─── Dataset records

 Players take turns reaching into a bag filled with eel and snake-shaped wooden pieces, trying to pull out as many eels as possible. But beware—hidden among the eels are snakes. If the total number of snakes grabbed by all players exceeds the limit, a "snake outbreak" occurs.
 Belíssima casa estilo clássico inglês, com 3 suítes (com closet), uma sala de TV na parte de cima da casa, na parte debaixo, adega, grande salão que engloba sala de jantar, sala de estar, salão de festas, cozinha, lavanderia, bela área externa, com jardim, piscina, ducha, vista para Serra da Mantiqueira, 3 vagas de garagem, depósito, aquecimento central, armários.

──────
─── Dataset records

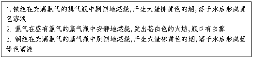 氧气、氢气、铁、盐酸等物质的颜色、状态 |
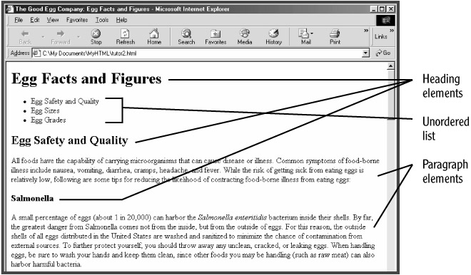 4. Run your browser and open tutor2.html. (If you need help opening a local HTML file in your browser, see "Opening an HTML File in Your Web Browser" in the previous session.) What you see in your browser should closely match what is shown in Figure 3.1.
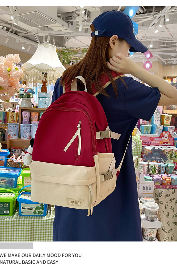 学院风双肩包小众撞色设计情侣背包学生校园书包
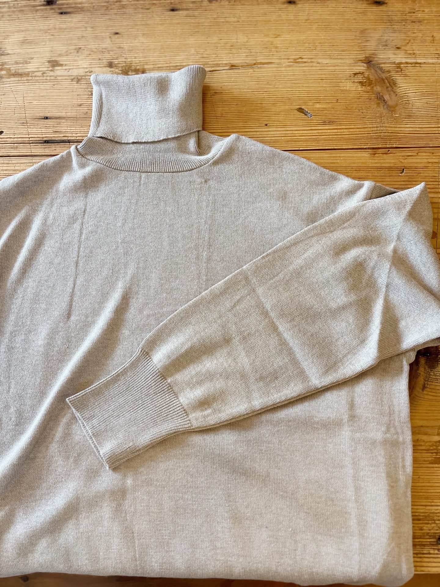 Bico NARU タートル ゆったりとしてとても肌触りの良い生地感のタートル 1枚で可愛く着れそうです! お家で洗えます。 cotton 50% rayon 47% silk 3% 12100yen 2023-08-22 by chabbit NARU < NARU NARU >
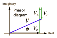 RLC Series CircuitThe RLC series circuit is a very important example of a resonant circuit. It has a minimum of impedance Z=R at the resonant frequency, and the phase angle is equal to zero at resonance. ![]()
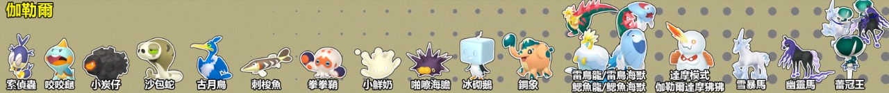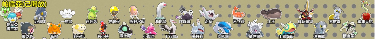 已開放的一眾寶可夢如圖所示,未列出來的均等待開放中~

──────

* [Exercise] What do the entries above read from the line containing "学院风双肩包小众撞色设计情侣背包学生校园书包" through the line containing "已開放的一眾寶可夢如圖所示,未列出來的均等待開放中~"? Output those lines exactly, both ends included, with the pictures left out.

* [Answer to this task]
 学院风双肩包小众撞色设计情侣背包学生校园书包
 Bico NARU タートル ゆったりとしてとても肌触りの良い生地感のタートル 1枚で可愛く着れそうです! お家で洗えます。 cotton 50% rayon 47% silk 3% 12100yen 2023-08-22 by chabbit NARU < NARU NARU >
 RLC Series CircuitThe RLC series circuit is a very important example of a resonant circuit. It has a minimum of impedance Z=R at the resonant frequency, and the phase angle is equal to zero at resonance. ![]()
 已開放的一眾寶可夢如圖所示,未列出來的均等待開放中~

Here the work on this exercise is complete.